No modification of this Agreement shall be effective unless in a writing signed by both Parties. A waiver of any term shall not be deemed a waiver of any other term.

9.2 Assignment

Employee may not assign any rights or delegate obligations hereunder. Employer may assign to a successor in interest, provided such successor assumes Employer’s obligations.

9.3 Successors & Assigns

This Agreement shall be binding upon and inure to the benefit of the Parties and their respective successors and permitted assigns.

9.4 Severability; Reformation

If any provision is held invalid, the remainder shall remain in force. The Parties request that any invalid provision be reformed to the minimum extent necessary to be enforceable.

9.5 Entire Agreement

This Agreement constitutes the entire understanding between the Parties and supersedes all prior agreements with respect to the subject matter, except that any prior confidentiality or IP assignment agreement remains in full force to the extent not inconsistent herewith.
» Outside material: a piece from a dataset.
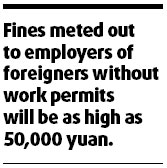 Updated: 2008-08-05 07:38 GUANGZHOU: Firms that employ foreigners without work permits could face fines of up to 50,000 yuan ($7,300), the provincial public security bureau said August 4, 2008. Many companies in Guangdong province seek to employ people from Africa, the Middle East, Vietnam and Myanmar because of low wages.

9.6 Counterparts; Electronic Signatures

This Agreement may be executed in counterparts, each of which is deemed an original. Signatures transmitted by electronic means (e.g., PDF, DocuSign) shall be deemed original.


10. EXECUTION BLOCK

IN WITNESS WHEREOF, the Parties have executed this Severance and Release Agreement as of the dates set forth below.

EMPLOYER EMPLOYEE
[EMPLOYER LEGAL NAME] [EMPLOYEE NAME]
By: _________ _______
Name: _______
Title: _______
Date: _______ Date: _______

[// GUIDANCE: Consider adding notary acknowledgment if customary in WV or required by internal policy. Not required for enforceability of ADEA waiver.]


STATUTORY ACKNOWLEDGMENTS (Employee to Initial):

☐ I have been advised to consult with an attorney prior to signing. _
☐ I understand I have 21 days (45 if group exit) to consider this Agreement. _
☐ I understand I may revoke this Agreement within 7 days after signing. _


[// GUIDANCE:
1. Tailor Severance Benefits to reflect actual offer and ensure they exceed any contractual or statutory entitlements.
2. For group terminations, attach OWBPA “Decisional Unit” disclosure.
3. Confirm compliance with Section 409A for deferred payments, if applicable.
4. Obtain board or managerial approval for corporate authority representation where required.]